Reproduce exactly only the lines from the line that holds "上記をまとめると、リストのア" to the line that holds "2. Apply your", inclusive, in the listing below, and please leave out every picture.

RECORD EXCERPTS:
***

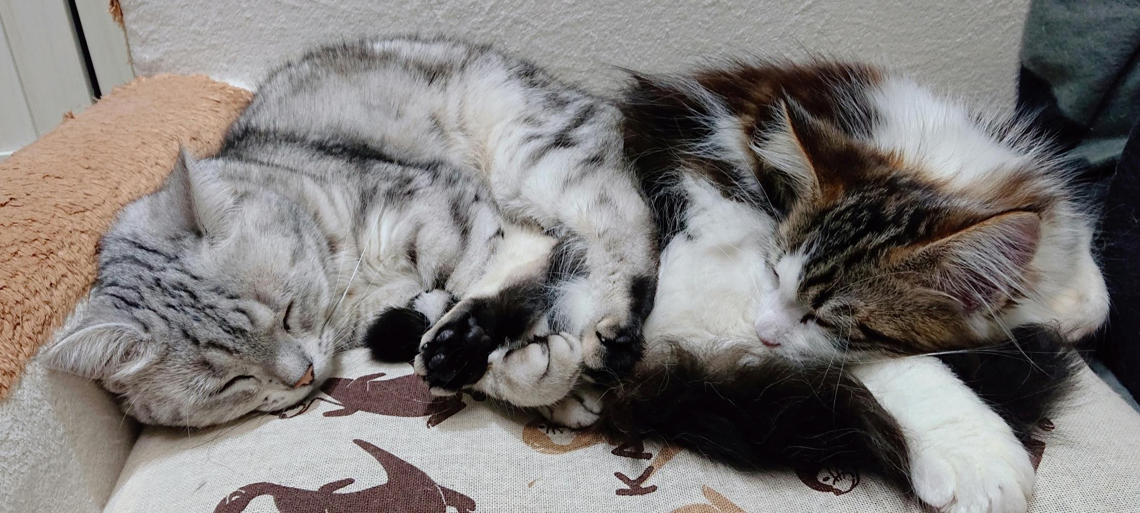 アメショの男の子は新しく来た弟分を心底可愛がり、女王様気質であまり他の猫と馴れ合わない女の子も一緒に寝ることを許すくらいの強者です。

***

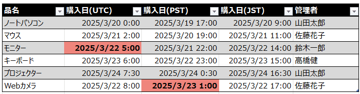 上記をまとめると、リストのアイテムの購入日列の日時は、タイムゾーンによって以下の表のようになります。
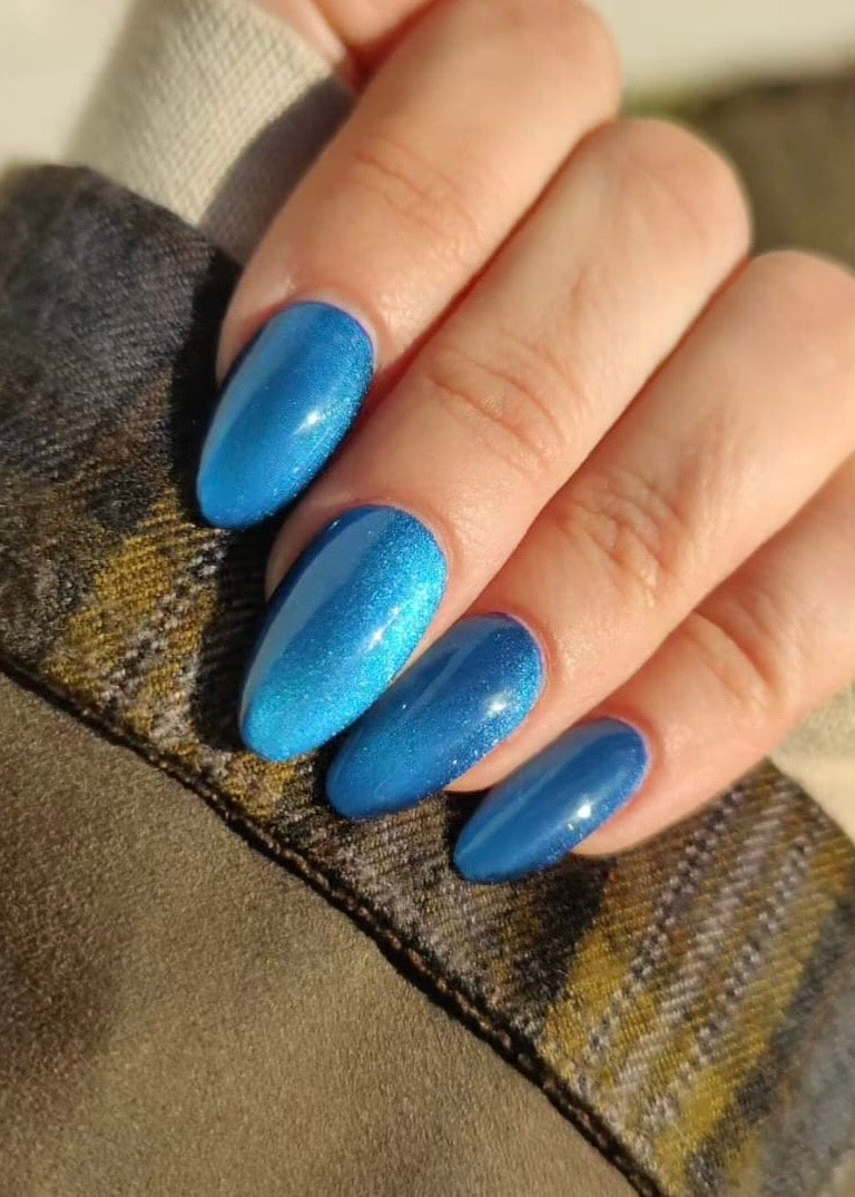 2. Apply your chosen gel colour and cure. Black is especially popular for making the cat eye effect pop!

***

EXERCISE SOLUTION:
 上記をまとめると、リストのアイテムの購入日列の日時は、タイムゾーンによって以下の表のようになります。
 2. Apply your chosen gel colour and cure. Black is especially popular for making the cat eye effect pop!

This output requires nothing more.